Sun Directory Server Enterprise Edition 7.0 Upgrade and Migration Guide

Using dsmig to Migrate User Data

In Directory Server 5.2, data is stored in serverRoot/slapd-instance-name/db. Directory Server 7.0 stores user data in instance-path/db.

To migrate data automatically, run the following command:

$ dsmig migrate-data old-instance-path new-instance-path

All suffixes are migrated by default, except the o=netscapeRoot suffix. dsmig copies the data, the indexes, and the transaction logs. The database context, that is, the state of the database, is not migrated.

In the Directory Server administration model, there is no Configuration Directory Server. This means that the o=netscapeRoot suffix is no longer relevant, unless your deployment includes Identity Synchronization for Windows. By default, dsmig does not migrate the o=netscapeRoot database, unless specifically requested. To migrate the o=netscapeRoot database, use the -N option with the migrate-data subcommand.

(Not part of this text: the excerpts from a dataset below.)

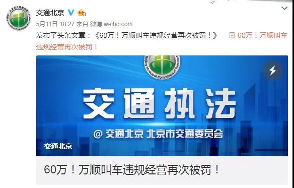 5月11日,北京市交通执法总队根据前期线索摸排和调查取证,发现万顺叫车平台未取得北京市网约车经营许可,违规在京经营网约车业务的违法行为,因此约谈了该企业负责人,责令其立即停止违规经营行为,并依据《北京市查处非法客运若干规定》、《网络预约出租汽车经营服务管理暂行办法》对万顺叫车平台做出予以60万元罚款的行政处罚。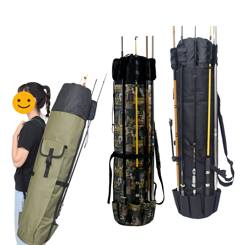 Cinco cañas y carretes en la bolsa exterior. Un bolsillo lateral y un gran compartimento interior.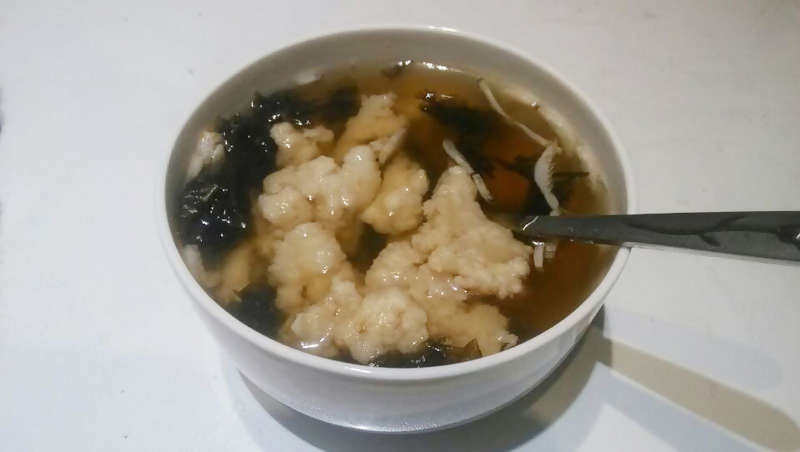 4:拿一个勺子,往水开了的锅子里刮肉泥,差不多一小口大小就好,等开了,看看熟了,就可以起锅啦,把肉丸过滤掉水分,打到碗里

For more information, see dsmig(1M).

Note –

During data migration, Directory Server checks whether nested group definitions exceed 30 levels. Deep nesting can signify a circular group definition, where a nested group contains a group that is also its parent. When a group with more than 30 nesting levels is encountered, Directory Server stops calculating the isMemberOf attributes for additional levels.

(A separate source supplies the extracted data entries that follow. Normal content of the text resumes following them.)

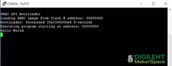 一旦這個(gè)文件構(gòu)建完成并燒寫(xiě)到QSPI存儲(chǔ)中,我們就可以進(jìn)行測(cè)試查看MCS文件的工作情況。將Arty板卡與PC終端建立連接然后按下板卡上的復(fù)位(reset)按鈕。幾秒鐘后你就會(huì)看到Arty板卡上的“done”LED燈亮起,然后在終端窗口中看到SREC bootloader的執(zhí)行結(jié)果。報(bào)告應(yīng)該顯示S-record文件在程序執(zhí)行前已經(jīng)從QSPI加載到DDR SDRAM中了。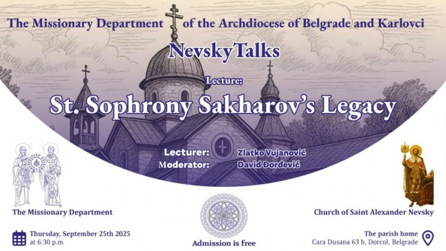 У четвртак, 25. септембра у 18.30 часова, у парохијском дому при Храму Светог Александра Невског на Дорћолу биће одржано предавање на енглеском језику под називом „St. Sophrony Sakharov’s Legacy“. Предавач је Златко Вујановић, а модератор Давид Ђорђевић. Догађај организује Мисионарско одељење Архиепископије београдско-карловачке. Улаз је слободан.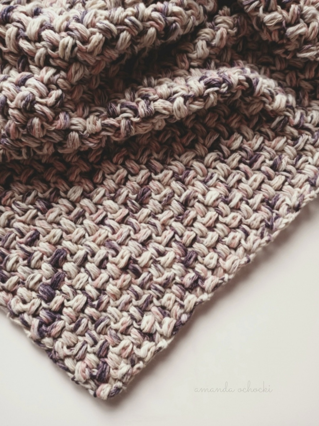 This is the stash yarn used (I think it might be discontinued though) it’s a aran weight acrylic, kinda splitty, but the color was fun. I don’t have a lot of worsted/aran in my stash so this was one of the very limited choices I had enough yardage of (4 balls). I think my next one will be fingering/sock weight wool, which the stash is is still bursting with and probably in some mellow cream color because that’s me.
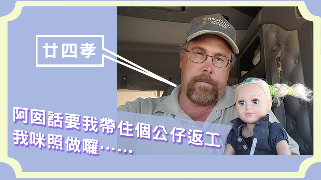 是咁的,話說佢囡囡不嬲都當呢個公仔係自己親生,好錫佢嘅。所以當佢知道個公仔話想跟老竇一齊坐貨車返工嘅時候(嗱唔好問毛毛點解個女仔會知道呀下),就即刻走去問老竇得唔得喇!

Each time this happens, Directory Server logs an error. You safely ignore these errors, although you should examine the definition of the group mentioned in the error message for potential circular definitions.

Troubleshooting New Instances After Migration

After running dsmig migrate-data, if the error log of new instance contains lots of error messages, refer to the following steps:

  1. Stop all the Directory Server running instances.

  2. Remove nsslapd-infolog-area and nsslapd-infolog-level completely from the dse .ldif file.

  3. Start the Directory Server instances.

After the migration process, if you get an error while changing your password using the ldapmodify command, refer to the following steps:

  1. Check pwd-compat-mode using the following command:

    dsconf get-server-prop pwd-compat-mode
  2. If pwd-compat-mode is set to DS-6 mode, you must use the pwdPolicy objectclass while changing the password using the ldapmodify command.